Try it:
The answer must be the full listing, word for word, with no pictures in it.

Data shown:
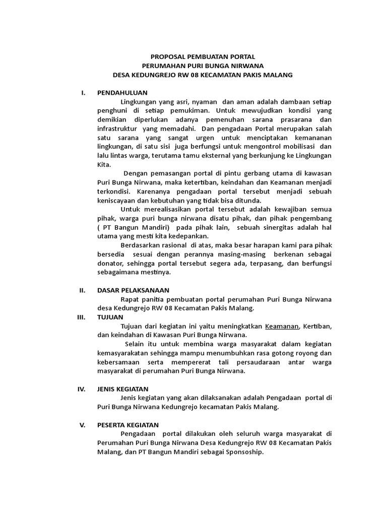 Proposal Pembangunan Gapura Semarang, 01 April 2012 Kepada Yth, … Pembelian besi lat ba .a Pembuatan - [PDF Document]
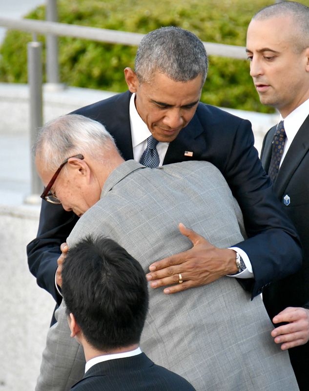 2016年5月27日,歐巴馬總統站在距離廣島和平紀念公園的中心「永久之燈」僅數公尺的地方,他的手輕輕地放在一位原爆倖存者的肩上。接下來的瞬間,發生了令人意想不到的事情。歐巴馬總統將79歲的森重昭老先生輕輕擁在自己胸前。
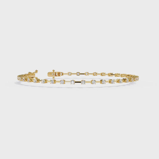 A modern expression of symmetry, the Baguette Link bracelet features neatly spaced round lab-grown diamonds framed in slim rectangular gold bezels. Each stone is carefully secured in a structured bar-link formation, creating a clean silhouette with rhythmic brilliance. Ideal for stacking or wearing solo, this 7.5-inch bracelet offers understated elegance with precise craftsmanship.
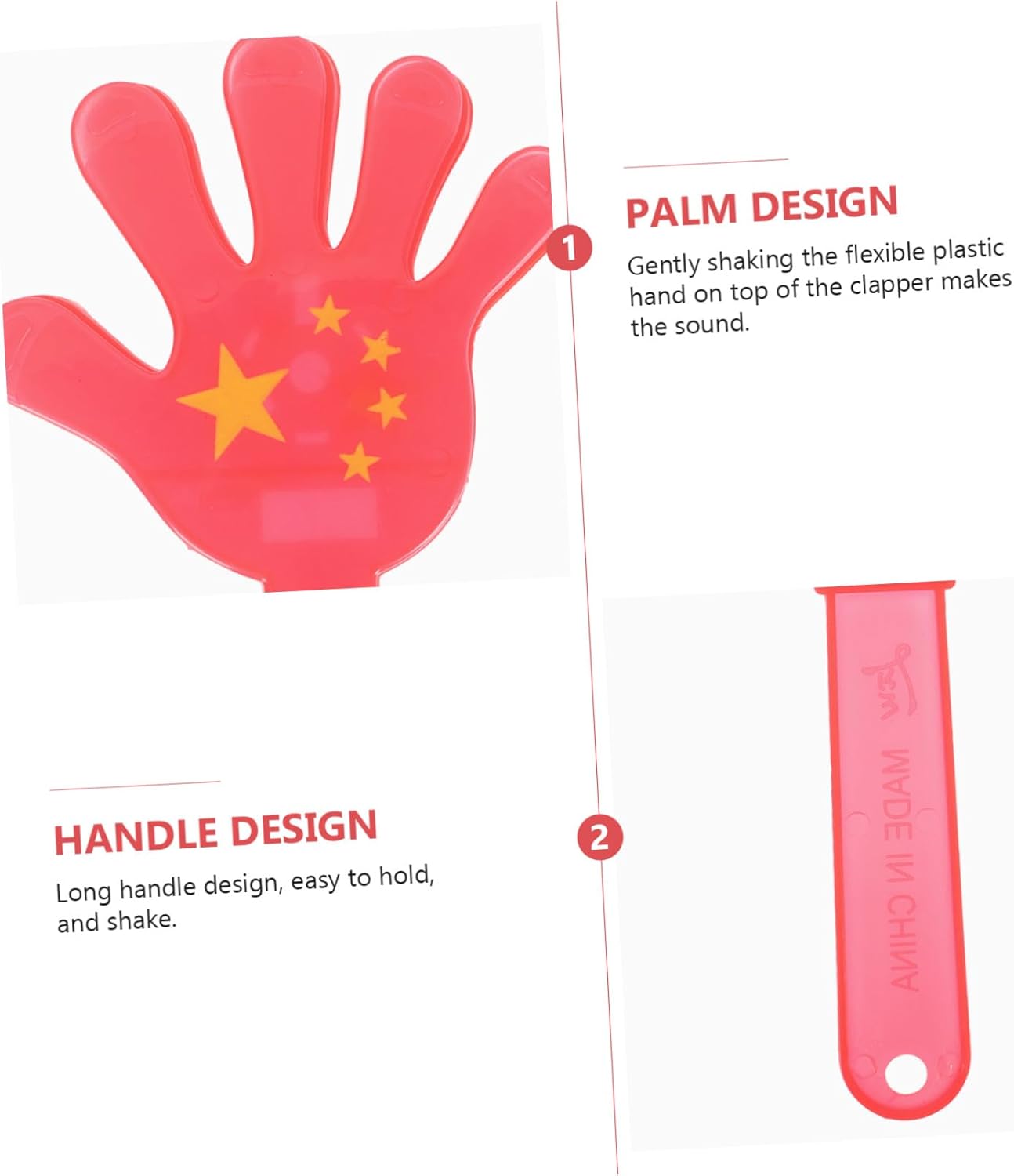 Questi divertenti cinque battagli con bandiera rossa fanno rumore facilmente, ma il giocattolo del batacchio è facile da tenere e usare, creatore di rumore per le feste Batacchio: realizzato in materiale plastico sicuro e affidabile, senza spigoli vivi che feriscano le mani, ideale come regalo per le feste con superficie liscia, giocattolo battacchio per le feste: il batacchio è leggero e compatto, facile da tenere per feste o scopi di intrattenimento. battiti di mani dei rumoristi che applaudono oggetti di scena per . Regali per feste: facili da fare rumore ma facili da tenere e utilizzare. Puoi migliorare l'atmosfera felice scuotendo questi batacchi per emettere un suono. Battagli colorati per feste: i battagli con cinque bandierine rosse sono realizzati e sicuri da usare, un regalo per le feste per chi fa rumore

Written response:
 Proposal Pembangunan Gapura Semarang, 01 April 2012 Kepada Yth, … Pembelian besi lat ba .a Pembuatan - [PDF Document]
 2016年5月27日,歐巴馬總統站在距離廣島和平紀念公園的中心「永久之燈」僅數公尺的地方,他的手輕輕地放在一位原爆倖存者的肩上。接下來的瞬間,發生了令人意想不到的事情。歐巴馬總統將79歲的森重昭老先生輕輕擁在自己胸前。
 A modern expression of symmetry, the Baguette Link bracelet features neatly spaced round lab-grown diamonds framed in slim rectangular gold bezels. Each stone is carefully secured in a structured bar-link formation, creating a clean silhouette with rhythmic brilliance. Ideal for stacking or wearing solo, this 7.5-inch bracelet offers understated elegance with precise craftsmanship.
 Questi divertenti cinque battagli con bandiera rossa fanno rumore facilmente, ma il giocattolo del batacchio è facile da tenere e usare, creatore di rumore per le feste Batacchio: realizzato in materiale plastico sicuro e affidabile, senza spigoli vivi che feriscano le mani, ideale come regalo per le feste con superficie liscia, giocattolo battacchio per le feste: il batacchio è leggero e compatto, facile da tenere per feste o scopi di intrattenimento. battiti di mani dei rumoristi che applaudono oggetti di scena per . Regali per feste: facili da fare rumore ma facili da tenere e utilizzare. Puoi migliorare l'atmosfera felice scuotendo questi batacchi per emettere un suono. Battagli colorati per feste: i battagli con cinque bandierine rosse sono realizzati e sicuri da usare, un regalo per le feste per chi fa rumore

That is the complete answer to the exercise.